As for the hard drive, Newegg shipped out a new one yesterday, so it should be here on friday.  So anyone that is interested in a *Brand New 300GB 16MB hard drive*, ask me soon 

kyllc, what did you offer again?


----------



## kof2000 (Mar 16, 2006)

start selling those .99 cents photos and you'll come flooding with feedbacks again XD.


----------



## Geoff (Mar 16, 2006)

kof2000 said:
			
		

> start selling those .99 cents photos and you'll come flooding with feedbacks again XD.

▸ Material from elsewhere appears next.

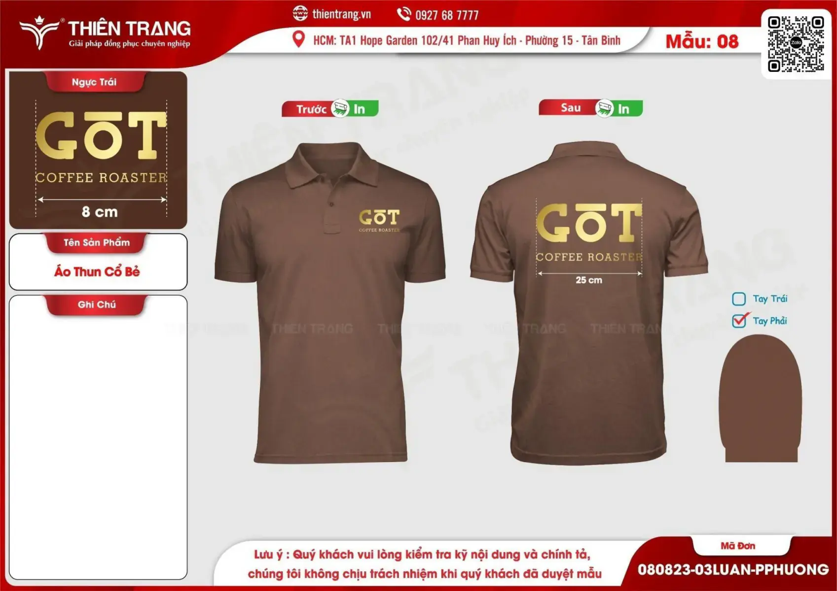 Maket áo thun cổ bẻ thương hiệu GOT Coffee Roaster Được xuất bản vào 26/09/2023 tại 1697 × 1200 trong Mẫu thiết kế đồng phục GOT Coffee Roaster
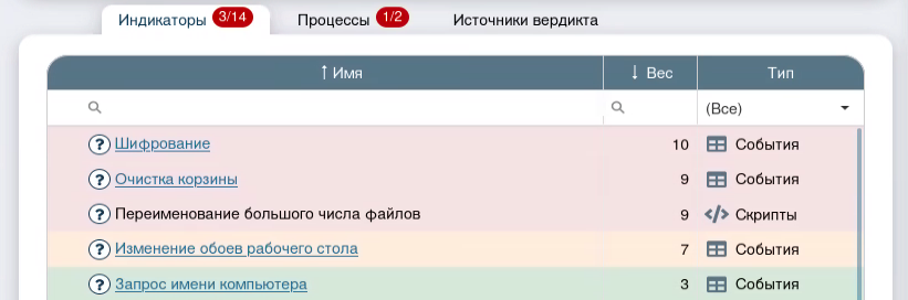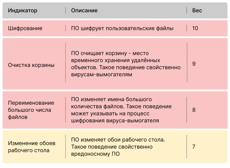 Ниже представлены вредоносные и подозрительные индикаторы динамического анализа с их описанием и весом в системе ATHENA

i was thinking about it... but i really dont want to get suspended again 

So im just buying a few from people, and im trying to get my feedback to at least +10.


----------



## kof2000 (Mar 18, 2006)

i got ur stuff today.


----------



## Geoff (Mar 18, 2006)

kof2000 said:
			
		

> i got ur stuff today.


thats good, hopefully everything works.


----------



## kof2000 (Mar 18, 2006)

well it works but nows theres this wiring job again XD.


----------



## Geoff (Mar 18, 2006)

kof2000 said:
			
		

> well it works but nows theres this wiring job again XD.


thats good news, lol


----------



## kof2000 (Mar 18, 2006)

i think the case forced to use that psu upside down.


----------